Nel caso di specie, vertendosi in ipotesi di annullabilità delle delibere poste alla base della richiesta di ingiunzione essendo stati prospettate irregolarità nella costituzione dell'assemblea e/o vizi formali relativi alla verbalizzazione e/o a violazione delle norme che richiedono qualificate maggioranze in relazione all'oggetto o, infine, vizi nella ripartizione di spese riguardanti servizi comuni (Cass. S. U. 8939/2021; Cass. Civ. S. U. 4806/2005), nel presente giudizio di opposizione, i condomini opponenti non hanno impugnato le predette delibere (deducendone la intrinseca ingiustizia e la manifesta illegittimità), ma si sono limitati a chiedere la revoca del decreto ingiuntivo sulla base di una presunta invalidità delle delibere assembleari stesse. Tale, deduzione, tuttavia, in assenza di una formale domanda riconvenzionale, non è idonea a consentire al giudice dell'opposizione a decreto ingiuntivo di esercitare un sindacato nel merito delle delibere e, dunque, di valutare la legittimità della pretesa creditoria fatta valere con l'ingiunzione fondata sulle delibere assembleari, onde ne consegue che l'opposizione, in ordine a tale motivo, è infondata e va, pertanto, rigettata.
L'opponente, infine, ha dedotto il pagamento della complessiva somma di € 4.587,40 di cui € 757,00 a mezzo bonifico del 04.12.2018 ed € 3.830,40 versata direttamente all'impresa incaricata dei lavori deliberati.
Nel corso del giudizio, l'opponente ha, poi, documentato il pagamento delle quote condominiali de quibus, per l'importo di € 3.830,40, direttamente nelle mani della ditta A.G. Costruzioni srl in data 10.06.2020 con rilascio di relativa quietanza.
Evidenziato che i suddetti pagamenti, quello relativo alla somma di € 757,00 è avvenuto dopo il deposito del decreto ingiuntivo opposto ma prima della notifica del medesimo e quello relativo alla somma di € 3.830,40 è avvenuto sicuramente dopo la citata notifica, in mancanza di altri elementi probatori, l'opponente, rispetto alla somma ingiunta con il decreto ingiuntivo opposto, è ancora debitore del condominio della somma di € 1.900,96 ed al cui pagamento va, quindi, condannato previa revoca del decreto ingiuntivo opposto, oltre interessi legali dalla domanda all'effettivo soddisfo.
In ordine, infine, alla eccepita nullità dell'atto di precetto notificato in uno al decreto ingiuntivo opposto, emesso in forma provvisoriamente esecutiva, va solamente osservato che alla notifica non è seguita l'azione esecutiva essendo stato il precetto fatto perimere. Le spese seguono la soccombenza e vanno liquidate, in applicazione dello scaglione di valore di cui al D.M. di riferimento, come da dispositivo.
P.Q.M.
il Tribunale di Napoli VI Sezione Civile, in composizione monocratica, reietta ogni contraria istanza ed eccezione, definitivamente pronunciando, così provvede;
1) Accoglie parzialmente l'opposizione e, per l'effetto, revoca il decreto ingiuntivo n.ro 9644/2018 emesso, in forma provvisoriamente esecutiva, dal Tribunale di Napoli VI Sezione Civile nelle date 24.12./27.12.2018.

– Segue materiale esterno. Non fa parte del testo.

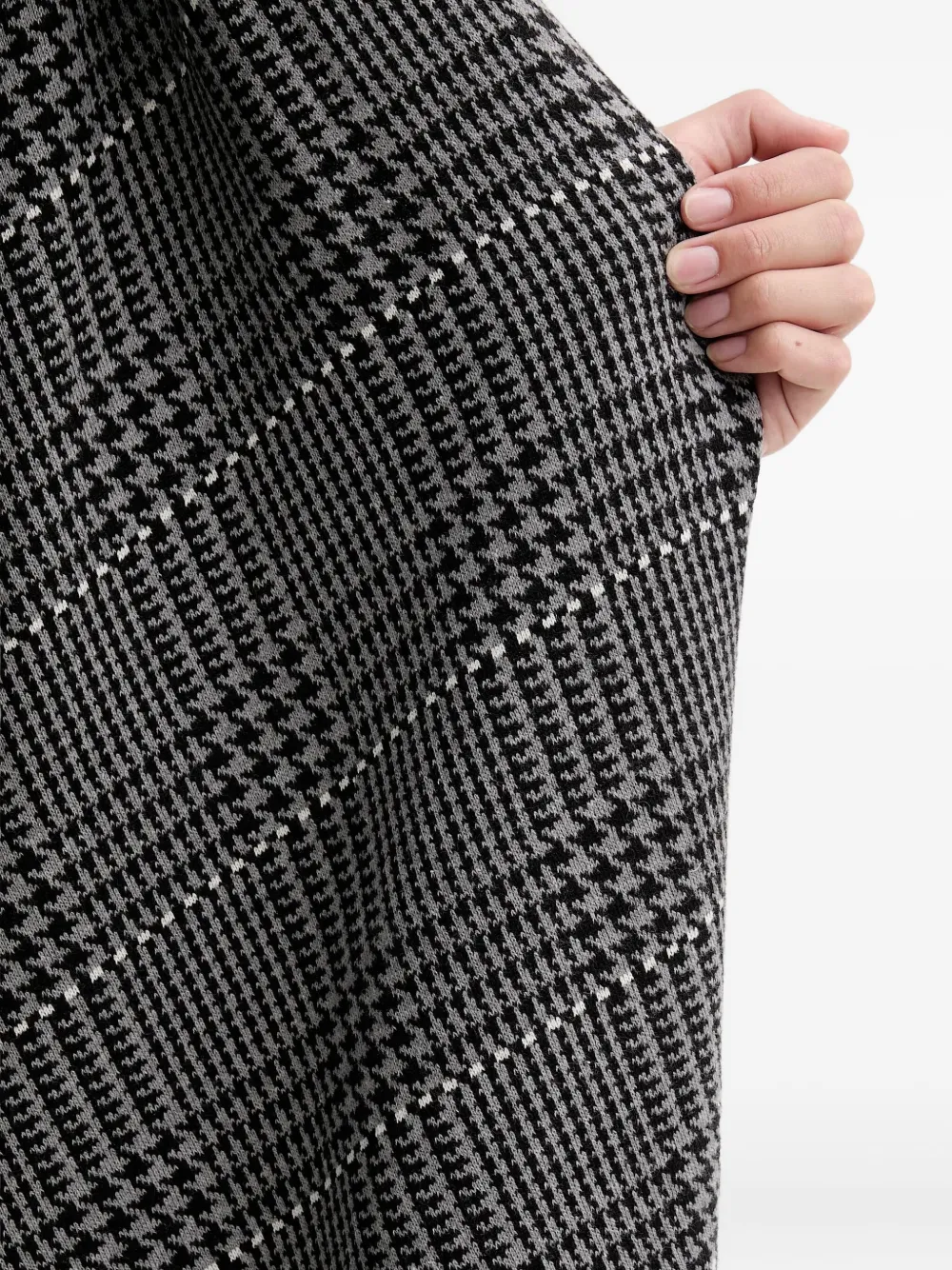 серый жакет с узором "гусиная лапка", открытый спереди, с асимметричным краем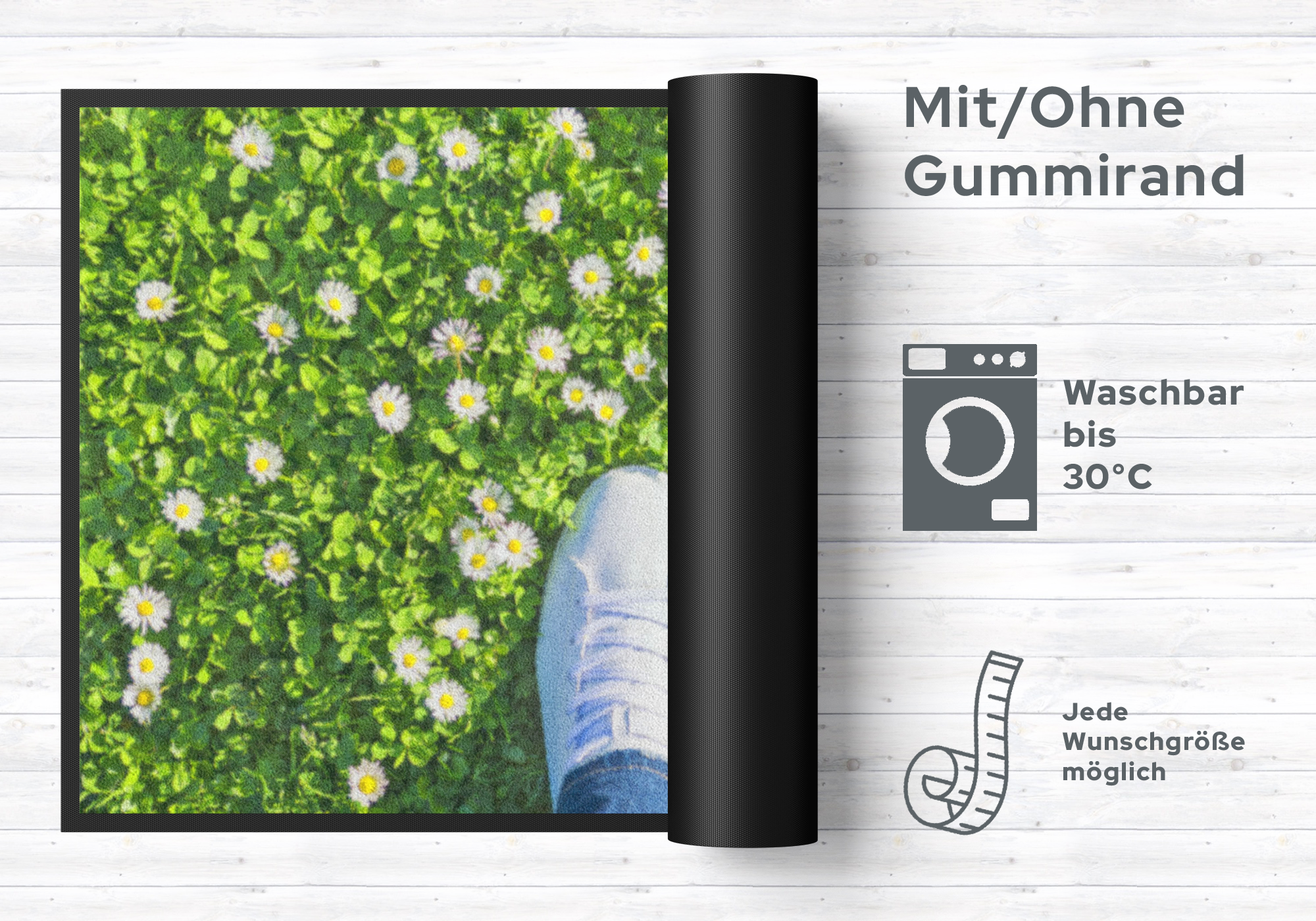 Mit dieser Fussmatte 4822 zaubern Sie nicht nur Ihren Besuchern ein Lächeln ins Gesicht. Diese sehr hochwertige Türmatte ist reissfest, knitterfrei, waschbar. Da sie mit 7 mm Gesamthöhe sehr flach ist, passt sie unter fast jede Tür. Die Fussmatte ist Schadstoffgeprüft und für Allergiker geeignet. Sie erhalten 5 Jahre Herstellergarantie.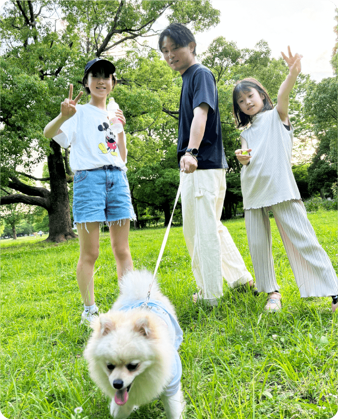 一緒に犬の散歩をしたり、バスケットボールをしたり、子どもが生まれてからは、休日は家族と過ごすことがほとんどです。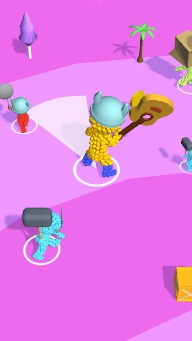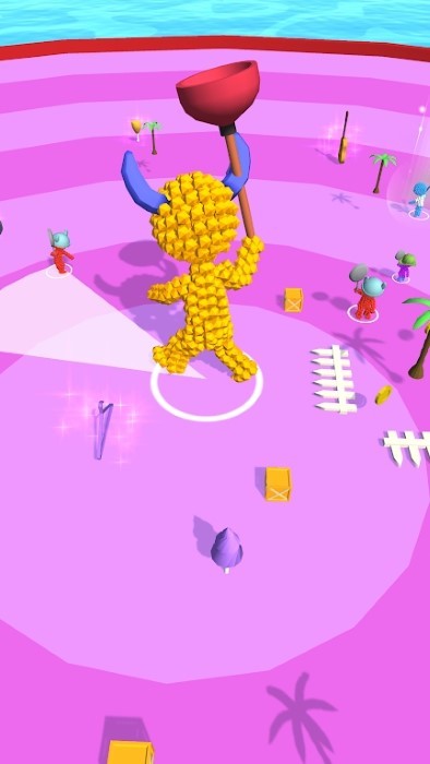 游戏采用简洁明快的画面风格,色彩搭配鲜明独特。高质量的画面表现确保游戏运行流畅,为玩家带来愉悦的视觉体验。操作手感经过精心调校,简单易上手但又不失深度。玩家可以通过不断粉碎场景中的物体来完成任务,获得更高分数。竞技场中会随机刷新各种强力武器,合理利用这些武器将大大增加你的胜算。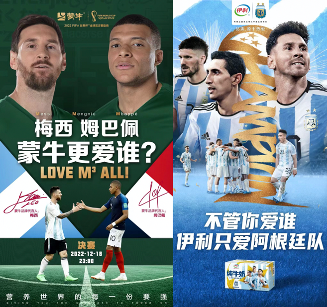两大阵营之间的暗自较劲,可不止百威与青岛这对“啤酒组”,还有蒙牛与伊利的“乳业组”。曾经看到一个说法,蒙牛重金砸下官方赞助并且手握梅西和姆巴佩两张王牌,据外媒爆料,乳企入局,在与其他企业的名额竞争中,仅赞助一项,就足以耗费企业高达7亿上下的巨额支出,且不算额外的球星代价。同样,伊利组建的以阿根廷为首的“梦之队”豪华阵容,网传价值十亿,但据多方了解实际投入还不到十分之一,从投入回报比来看,伊利显然是“使巧劲、造大势”。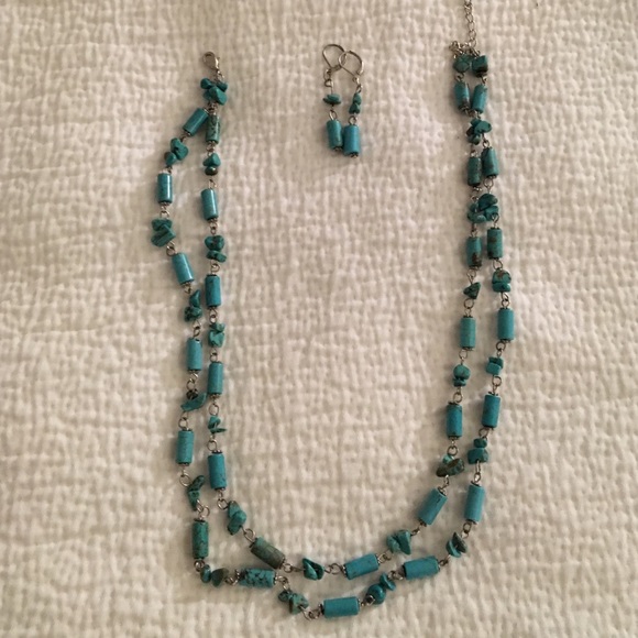 Matching turquoise drop earrings and necklace with silver chain. Measures approximately 7" when worn.
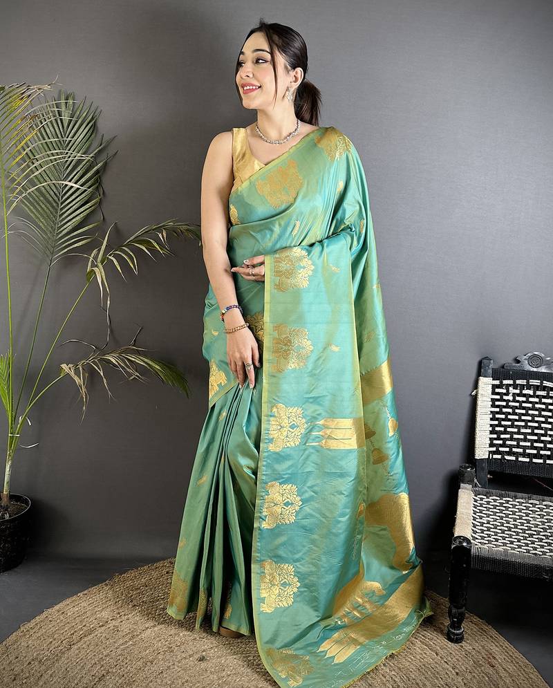 | Product Name | Motifs Zari Weaving Seagreen Soft Silk Banarasi Saree | |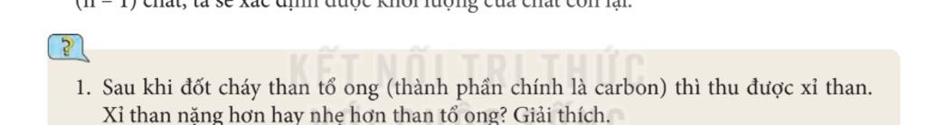 Phản ứng đốt cháy carbon trong than tổ ong có sự tham gia của oxygen trong không khí, tạo thành khí carbon dioxide bay lên. Do phản ứng làm chất rắn biến đổi thành chất khí nên khối lượng chất rắn giảm đi sau phản ứng. Xỉ than là chất rắn còn lại của phản ứng đốt cháy, do đó khối lượng xỉ than nhỏ hơn khối lượng than tổ ong. Vậy xỉ than nhẹ hơn than tổ ong.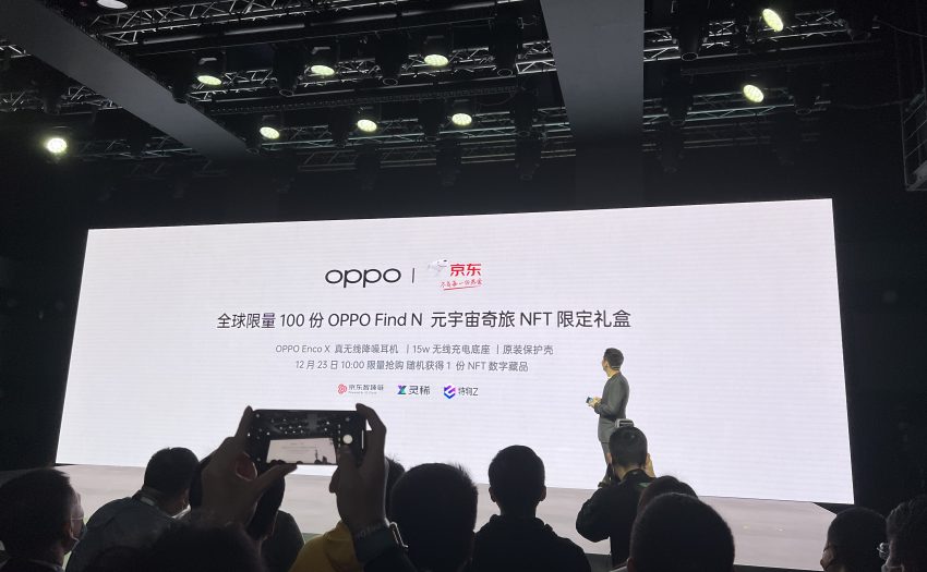 速途元宇宙研究院12月15日訊 今日,在OPPO Find N新品發布會上,OPPO 聯合京東推出元宇宙奇旅NFT限定禮盒。包含OPPO Find N手機外,還附贈OPPO Enco X真無線降噪耳機、15W無線充電底座、原裝保護殼、以及一份定制版NFT數字藏品。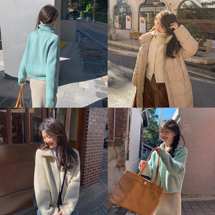 针织打底衫 品牌高级感羊毛衫 女半高领宽松毛衣秋冬加厚羊绒长袖
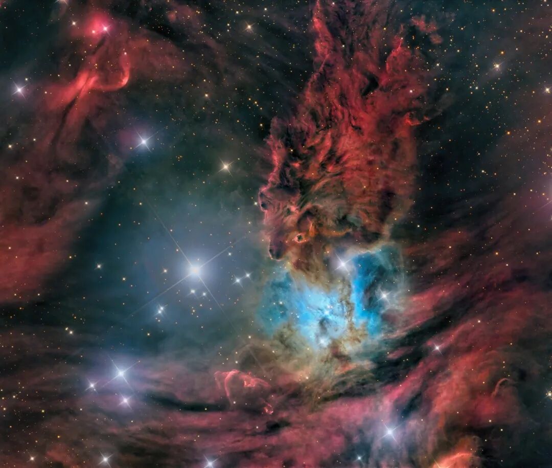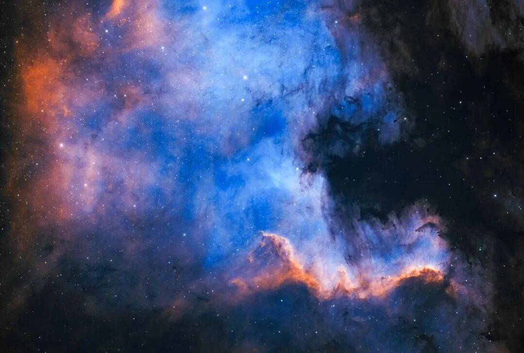 目标为北美星云局部。北美洲星云非常巨大,在天空中涵盖面积超过10个满月的大小,但表面亮度却非常低。利用长时间曝光和快焦比望远镜,将宇宙中孕育生命与光辉的温床以照片的形式展现。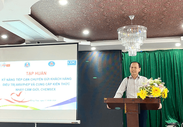 Trong 2 ngày 17-18/9/2024, Trung tâm Kiểm soát bệnh tật Đồng Tháp phối hợp với CDC Hoa Kỳ thông qua Dự án EPIC tổ chức Tập huấn kỹ năng tiếp cận chuyển gửi khách hàng điều trị PrEP/ARV và cung cấp kiến thức nhạy cảm và chemsex cho hơn 40 học viên là bác sĩ, cán bộ chương trình HIV, cán bộ các phòng VCT, cán bộ phòng khám PrEP, nhóm CBO và các đồng đẳng viên. BS.CK2. Phan Thanh Tùng, Giám đốc Trung tâm Kiểm soát bệnh tật đã đến dự.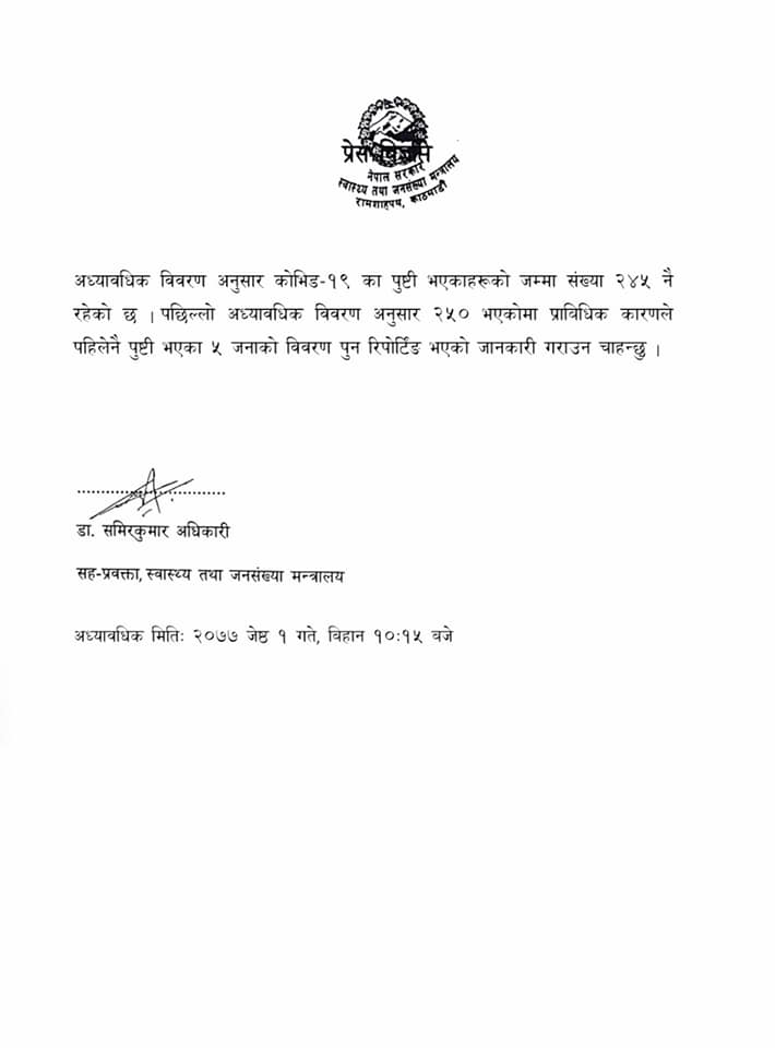 स्वास्थ्य मन्त्रालयका सहप्रवक्ता डा. समिरकुमार अधिकारीकाअनुसार अध्यावधिक विवरण अनुसार कोभिड–१९ का पुष्टि भएकाहरुको जम्मा संख्या २४५ नै हो ।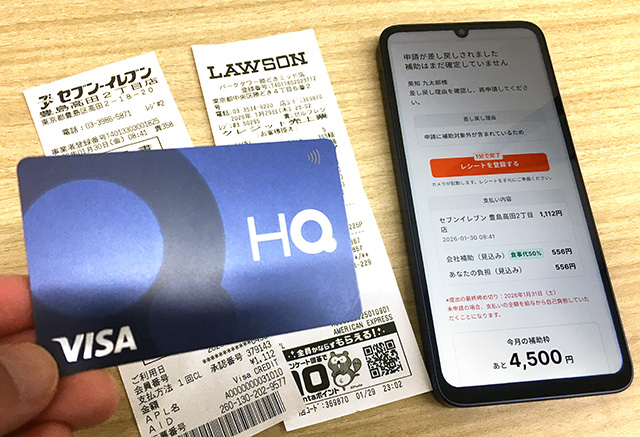 専用 HQカード で決済後、レシートの写真をスマートフォンでアップロードするだけ。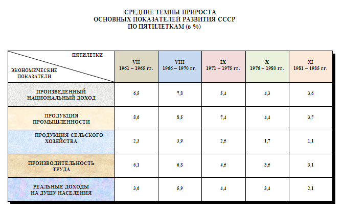 Однако в 1970-х – середине 1980-х годов стало заметно падение темпов роста. Ссылаясь на это в общественное сознание был вброшен термин «застой».Был спад, но не застой! Тем не менее падение темпов экономического роста было использовано противниками социализма для того, чтобы характеризовать ситуацию в советской экономике с середины 1960-х годов как критическую, что дало повод приклеить ярлык «застоя» брежневскому периоду, хотя это не соответствовало действительности, но давало возможность начать пропагандистскую кампанию о необходимости перехода к рынку (читай: к капитализму)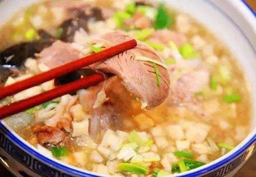它烹制精细,料重味醇,肉烂汤浓,肥而不腻,营养丰富,香气四溢,诱人食欲,食后回味无穷。因它暖胃耐饥,素为西安和西北地区各族人民所喜爱,外宾来陕也争先品尝,以饱口福。牛羊肉泡馍已成为陕西名食的“总代表”。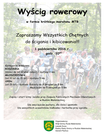 Wyścig rowerowy w formie krótkiego maratonu MTB Zapraszamy Wszystkich Chętnych do ścigania i kibicowania!!! 1 października 2016 r. godz. 1000 Kategorie wiekowe: RODZINNA (dzieci do lat 10 plus rodzic) – dystans 2 km MŁODZIEŻOWA (od 10 lat do 15 lat) – dystans 5 km OPEN (od 15 lat) – dystans: Kobiety do 4 okrążeń po 5 km Mężczyźni do 5 okrążeń po 5 km Zapisy i start lotny: boisko przy Zespole Publicznych Placówek Oświatowych w Rudzie Malenieckiej Dla zwycięzców puchary, dla dzieci upominki Dla wszystkich uczestników kiełbaska i herbatka przy ognisku Organizatorzy: Wójt Gminy Ruda Maleniecka Leszek Kuca Radny Rady Gminy w Rudzie Malenieckiej Gerard Pachuc

2) Condanna al pagamento, in favore del ” del Parte_1 Parte_2 fabbricato in Napoli alla via Ponte di Tappia n. 62 – via S. D'Aquino n. 67, in persona dell'Amministratore p.t., della somma di € 1.900,96 oltre interessi legali dalla domanda all'effettivo soddisfo.
3) Condanna al pagamento, in favore del del Parte_1 Parte_2 fabbricato in Napoli alla via Ponte di Tappia n. 62 – via S. D'Aquino n. 67, in persona dell'Amministratore p.t., delle spese processuali che si liquidano in e 50,00 per spese ed € 2.000,00 per competenze professionali oltre Spese Generali, IVA e CPA come per legge e se dovute con attribuzione in favore dell'Avv. Pierfrancesco Di GI, per dichiarata anticipazione.